Пользовательский поиск

Острая дыхательная недостаточность

У лиц, перенесших критические и терминальные состояния, под острой дыхательной недостаточностью (ОДН) понимают быстро развивающееся состояние, при котором легочный газообмен не обеспечивает потребности организма в кислороде и выведении СО2. При этом максимальное напряжение компенсаторных реакций не в состоянии обеспечить необходимую оксигенацию и выведение СО2, а если это и достигается напряженной компенсаторной работой других функциональных систем, то оказывается крайне нестойким.


По современным представлениям ОДН у больных, находящихся в отделениях реанимации и интенсивной терапии, чаще всего вызывается комбинацией факторов, нарушающих вентиляцию, перфузию и диффузию.

Различают два основных вида острой дыхательной недостаточности — вентиляционную и паренхиматозную (Шанин Ю. Н., Костюченко А. Л., 1967, 1982).

Первая обусловлена недостаточной вентиляцией большинства респиронов, что затрудняет оксигенацию крови, выделение углекислоты и проявляется артериальной гипоксемией и гиперкапнией. Вентиляционная ОДН возникает вследствие угнетения центрального, афферентного или эфферентного звеньев системы обеспечения газообмена.

Паренхиматозная ОДН проявляется трудно корригируемой артериальной гипоксемией.

При этом повышение вентиляции легких обычно приводит к избыточной элиминации углекислого газа (его диффузионная способность в 20 раз выше, чем у кислорода), поэтому снижение РаО2 сочетается со снижением РаСО2. Иногда ОДН выявляется на фоне гипервентиляции в связи с перевозбуждением дыхательного центра при нормальном или даже усиленном легочном кровотоке. Реже артериальная гипоксемия определяется сбросом неоксигенированной крови из малого круга в системный кровоток через сосудистые шунты.

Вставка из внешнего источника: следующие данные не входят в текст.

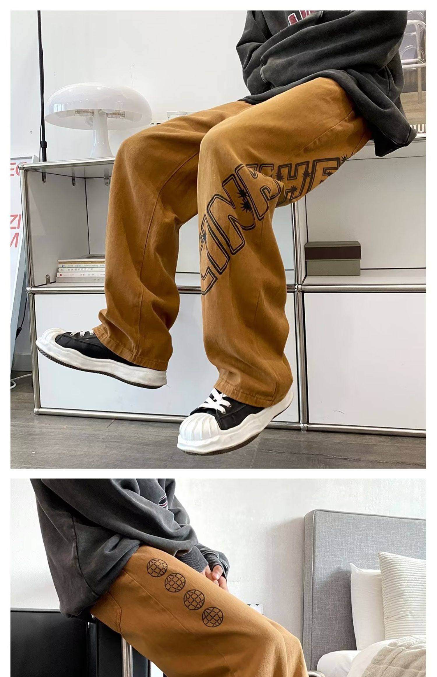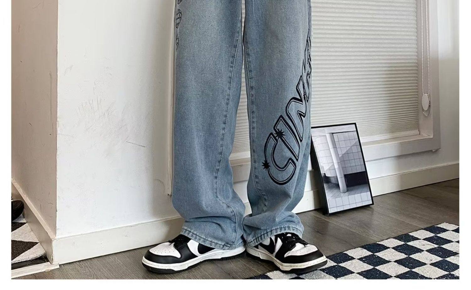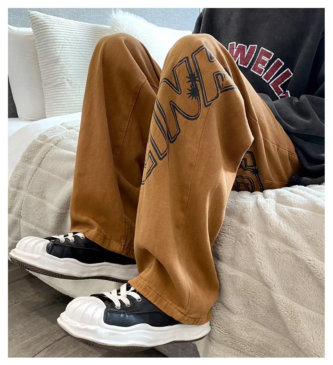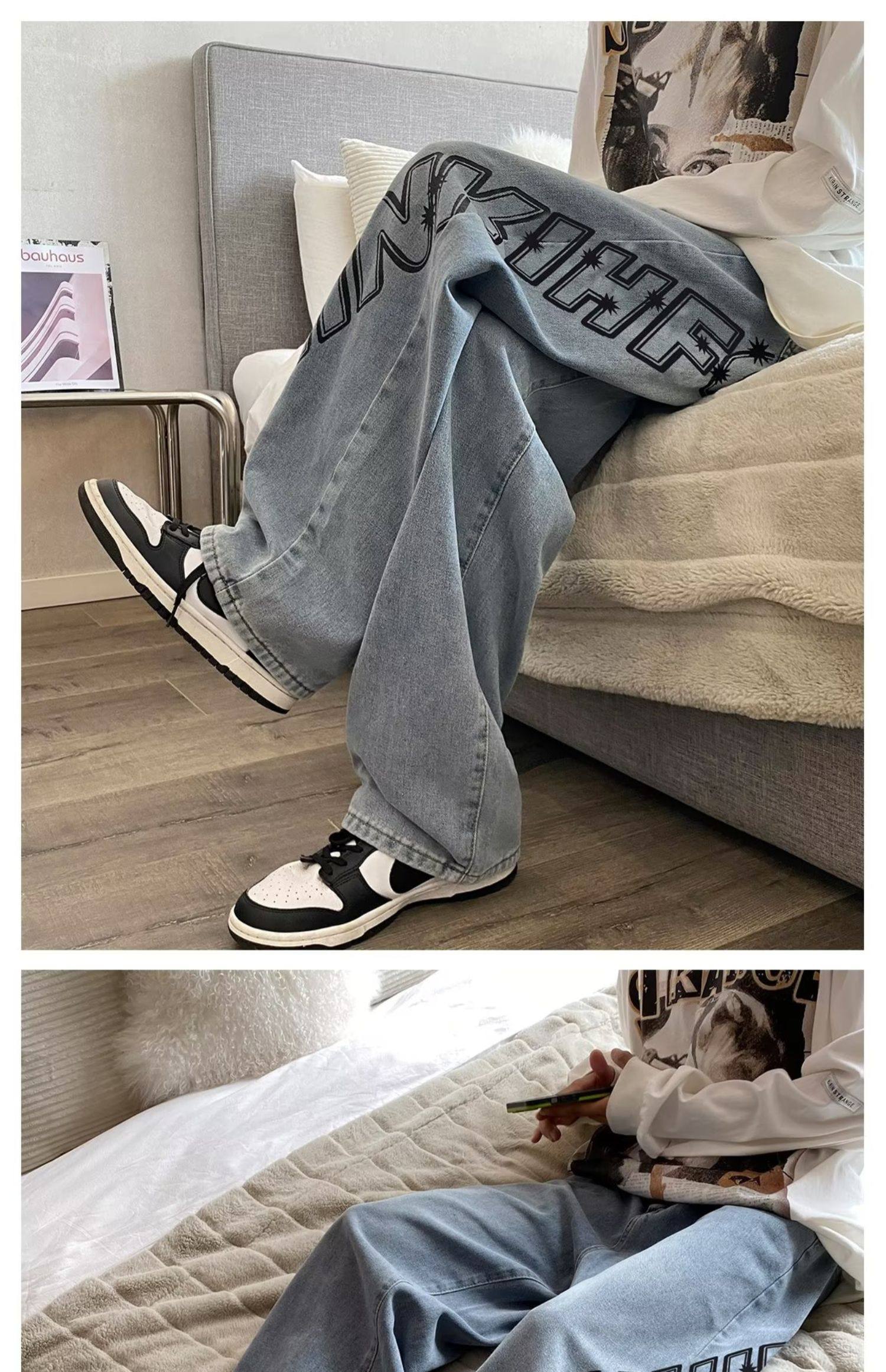 古着牛仔裤vintage港风春秋高街潮流印花字母男裤子hiphop阔腿裤

Имеющая видимые клинические проявления ОДН может быть компенсированной (газовый состав артериальной крови относительно нормальный за счет включения компенсаторных механизмов) и декомпенсированной (имеется выраженная артериальная гипоксемия и / или гиперкапния). Последний вариант можно определить как неспособность легких превратить по напряжению газов венозную кровь в артериальную (Зильбер А. П., 1989).

Возникновение ОДН при крупных хирургических вмешательствах, сопровождающихся системными расстройствами гемодинамики, многие авторы объясняют разнообразными причинами, главные из которых — прямое повреждение паренхимы легкого, закупорка дыхательных путей кровью, слизью (Носов В. В., 1985), аспирация твердых и жидких масс, ателектазы, различные виды эмболии, ятрогенные причины (синдром общей гипергидратации, повреждение кислородом в высоких концентрациях, длительная или неадекватная по режиму ИВЛ, перегрузка малого круга кровообращения при массивной инфузионно-трансфузионной терапии и др.) (Вагнер Е. А. и соавт., 1986; Клочков Н. Д. и соавт., 1991; Delafosse В. et al., 1987).

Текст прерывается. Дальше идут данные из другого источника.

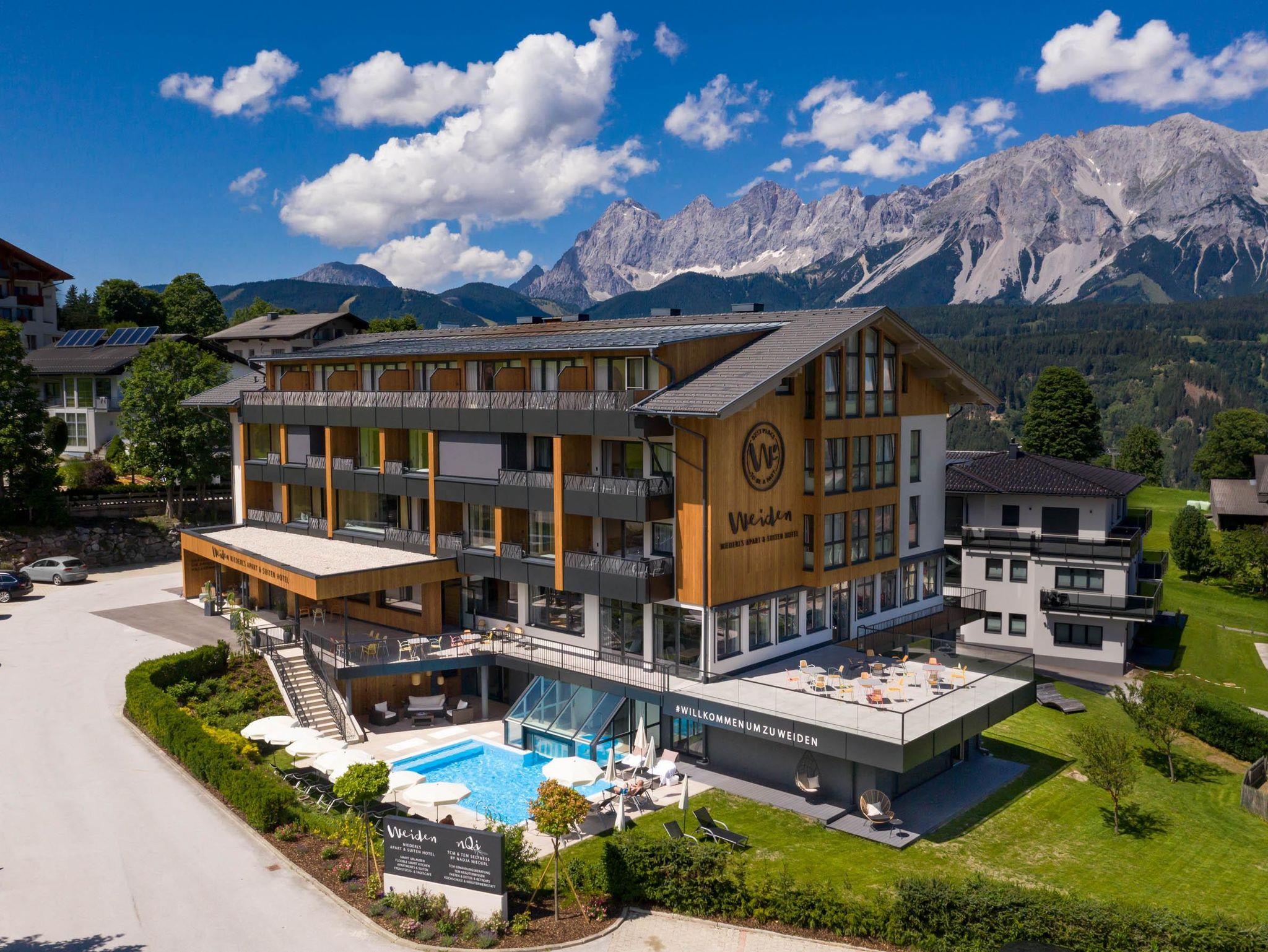 Das Hotel WEIDEN mit Wohnzimmerfeeling und innovativem Konzept hat erstklassige Lage am Hochplateau Rohrmoos oberhalb von Schladming. Im Skiurlaub direkt neben der Skipiste, im Sommerurlaub mitten in der Wanderregion Schladming Dachstein.

Во многих работах, посвященных острой дыхательной недостаточности после травм и хирургических вмешательств, показана связь этого синдрома с перенесенным пострадавшим или больным травматическим (операционным) шоком. В связи с этим появилось понятие «шоковое легкое», которое предполагает увеличение легкого в объеме и массе, уплотнение («спленизацию») и отек легкого («влажное легкое»).

Развитие методов дыхательной реанимации сначала способствовало концентрации внимания реаниматологов на ОДН любой этиологии, требующей немедленной врачебной помощи. Однако невозможность добиться во всех случаях положительного результата при стандартных методах дыхательной реанимации вскоре привела к необходимости этиологической и патогенетической дифференциации этого синдрома (Ожиганова И. Н., 1985; Пермяков Н. К., 1985; Blennerhassett J. В., 1985).

В настоящее время после травм и крупных хирургических вмешательств ОДН стали выявлять чаще, что объясняется улучшением диагностики этого синдрома, а также возможностью продления жизни больных, находящихся в критических и терминальных состояниях. Несмотря на это, по мнению некоторых авторов и сейчас диагностика ОДН неполная (Рябов Г. А., 1984). В реаниматологической практике ее часто не замечают или принимают за пневмонию или отек легкого (Кириллов М. M., 1980; Шанин Ю. Н., Костюченко А. Л., 1982).

Из анализа литературы следует, что ОДН имеет много синонимов, один из которых, более распространенный — это синдром респираторных нарушений у взрослых или респираторный дистресс-синдром (РДС) (Thomas L., Petty M. D., 1985). Под ним подразумевают неспецифический патологический процесс, который развивается в периоде шока или терминального состояния (Лебедев А. А., 1986; Thomas L., Petty M. D., 1985; Otto H., 1986) и обусловлен первичным повреждением эндотелия легочных капилляров (Зайковский Ю. А., Ивченко В. H., 1987).

Ряд исследователей, используя электронную микроскопию (Мальков П. Г. и Долгих В. Т. 1984; Ожиганова И. H., 1985; Riede U. N., Mittermayer Ch., 1984) показывают, что главное начальное звено патогенеза РДС — диффузное повреждение эндотелия капилляров легких с последующей деструкцией всей альвеолокапиллярной мембраны.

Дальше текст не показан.